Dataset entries
• • • •
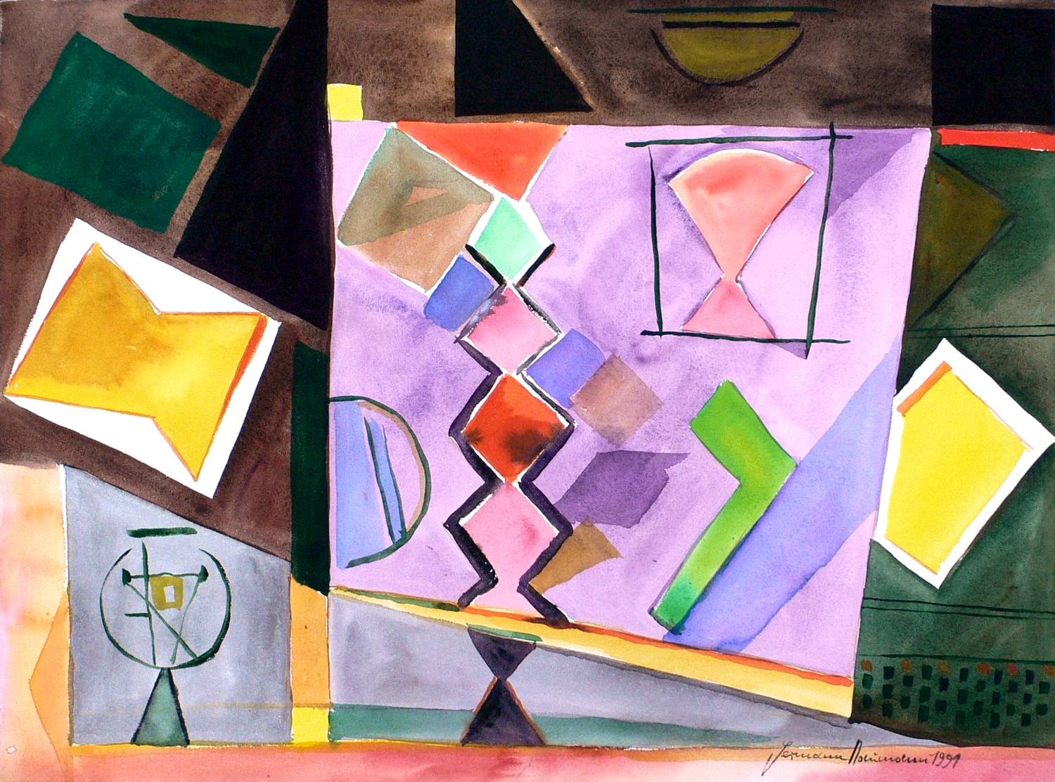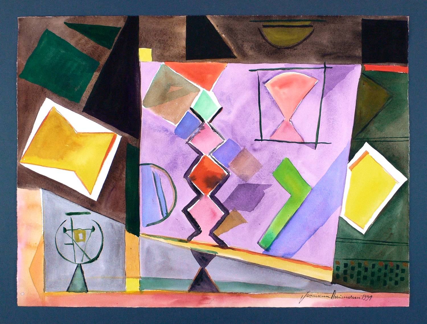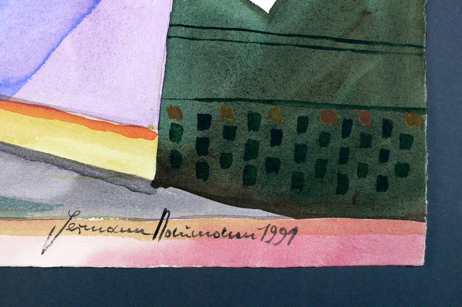 1991. Aquarell, auf genarbtem hellchamois Hahnemühle-Bütten. – Originale Künstlergrafik, von Hermann Naumann. – Unikat. – 55,5 x 75,0 cm (Darstellung / Blatt).
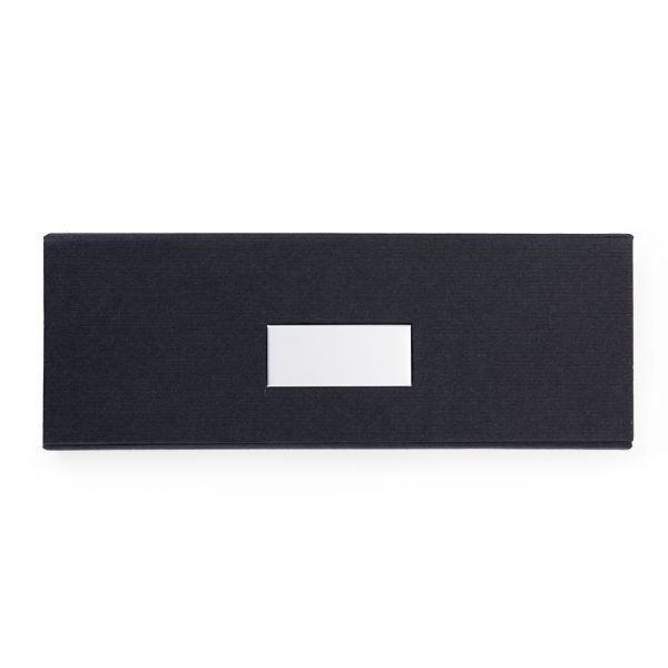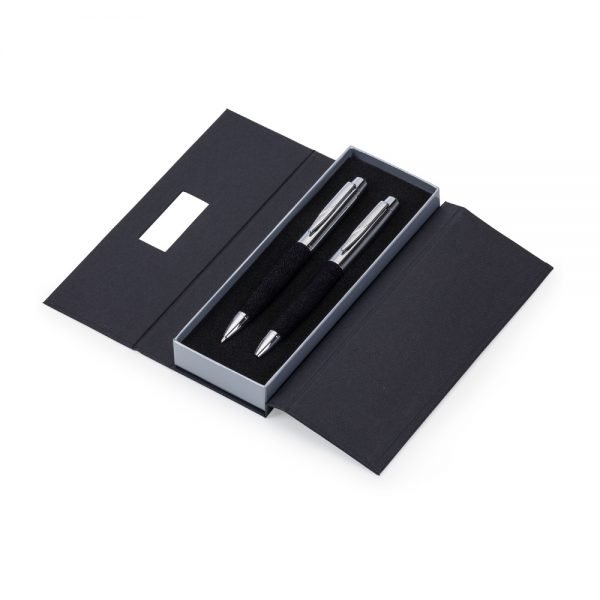 Conjunto caneta e lapiseira em estojo de cartonagem com placa central para personalização. Caneta/Lapiseira metal prata com detalhes diferenciados na parte inferior, clip metal com detalhe de linha no centro. Acionam por giro. Estojo revestido com espuma na parte interna.
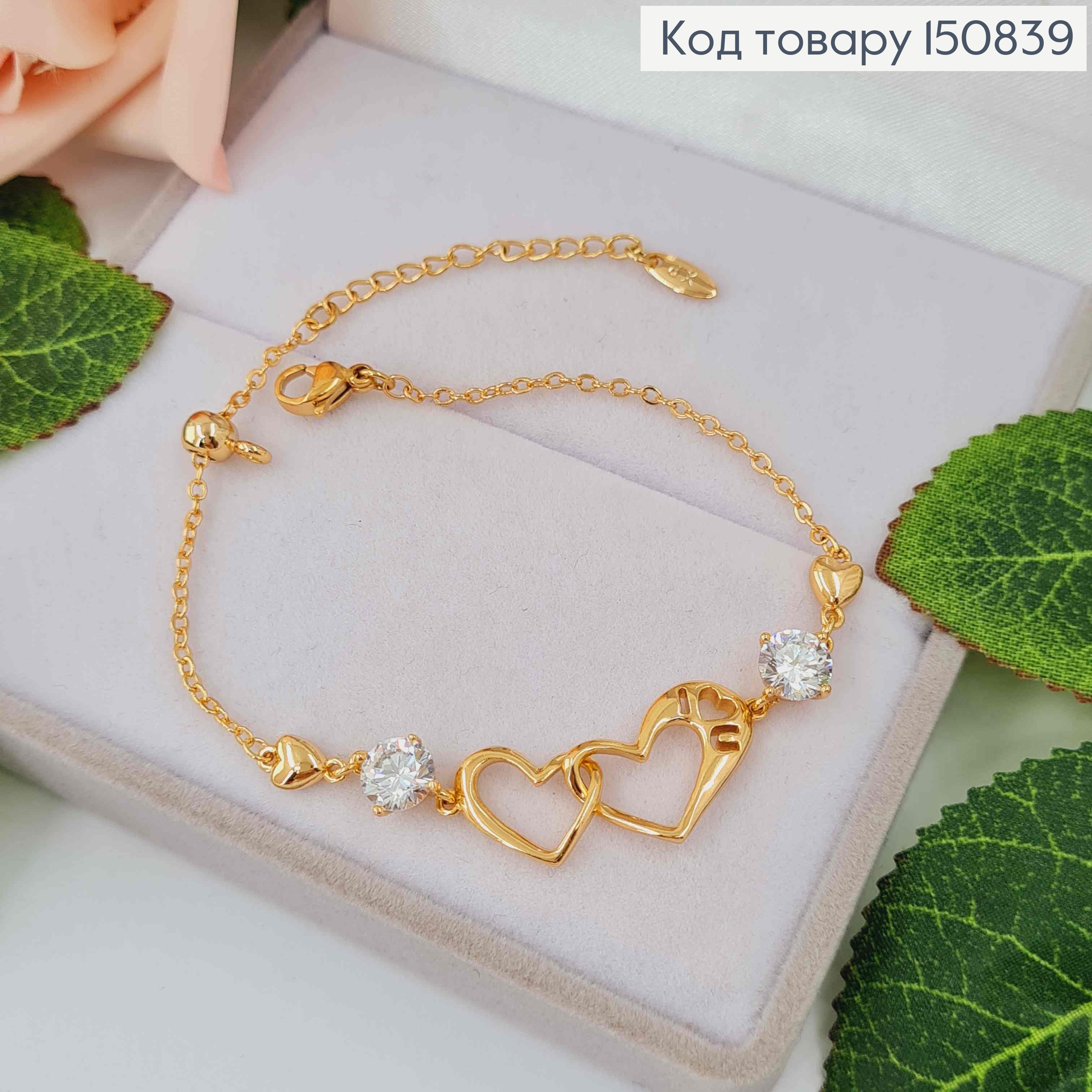 Браслет с Камешками и двумя сердечками, дл. 17+4см, Xuping 18K
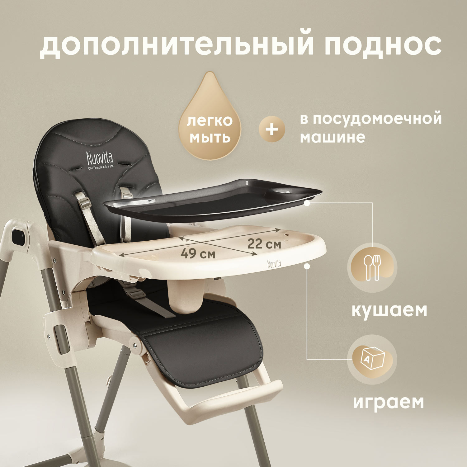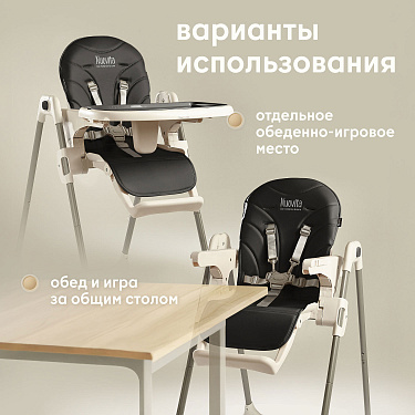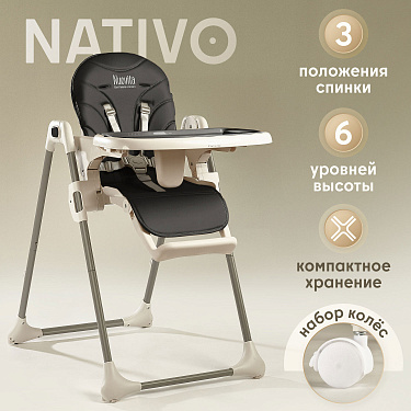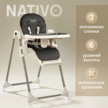 Детские стулья для кормления NATIVO предназначены для детей в возрасте от шести месяцев до трех лет. Материал сиденья — современная эко-кожа, долговечная и неприхотливая в уходе: для поддержания стульчика в чистоте достаточно просто протирать его после использования мягкой влажной тканью. Данный стульчик имеет двойную столешницу и оба её уровня полностью съёмные, что также облегчает процесс ухода за ними. Верхний поднос оснащён круглым отделением для поильника и используется при кормлении, а нижний предназначен для игр или рисования.
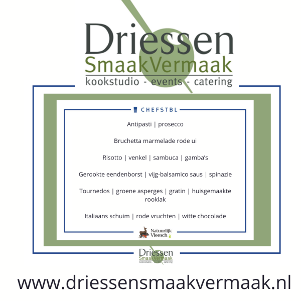 Chef aan huis – Een onvergetelijke culinaire ervaring Beleef een complete avond vol smaak en verwennerij met een chef bij u thuis. Van tafelaankleding tot friandises bij de koffie, alles wordt tot in de puntjes verzorgd. Geniet van een 6-gangenmenu met pure, ambachtelijke ingrediënten. Denk aan antipasti met prosecco, mozzarella burrata met bruschetta, risotto met truffel, gerookte eendenborst, brisket met gegrilde groenten en als afsluiter een warme moelleux au chocolat. De chef voegt een vleugje entertainment toe door te vertellen over de gerechten, de bereiding en de ingrediënten.
• • • •
With the pictures excluded, transcribe word for word only the lines from the one containing "Детские стулья для" through the last line of the records.

 Детские стулья для кормления NATIVO предназначены для детей в возрасте от шести месяцев до трех лет. Материал сиденья — современная эко-кожа, долговечная и неприхотливая в уходе: для поддержания стульчика в чистоте достаточно просто протирать его после использования мягкой влажной тканью. Данный стульчик имеет двойную столешницу и оба её уровня полностью съёмные, что также облегчает процесс ухода за ними. Верхний поднос оснащён круглым отделением для поильника и используется при кормлении, а нижний предназначен для игр или рисования.
 Chef aan huis – Een onvergetelijke culinaire ervaring Beleef een complete avond vol smaak en verwennerij met een chef bij u thuis. Van tafelaankleding tot friandises bij de koffie, alles wordt tot in de puntjes verzorgd. Geniet van een 6-gangenmenu met pure, ambachtelijke ingrediënten. Denk aan antipasti met prosecco, mozzarella burrata met bruschetta, risotto met truffel, gerookte eendenborst, brisket met gegrilde groenten en als afsluiter een warme moelleux au chocolat. De chef voegt een vleugje entertainment toe door te vertellen over de gerechten, de bereiding en de ingrediënten.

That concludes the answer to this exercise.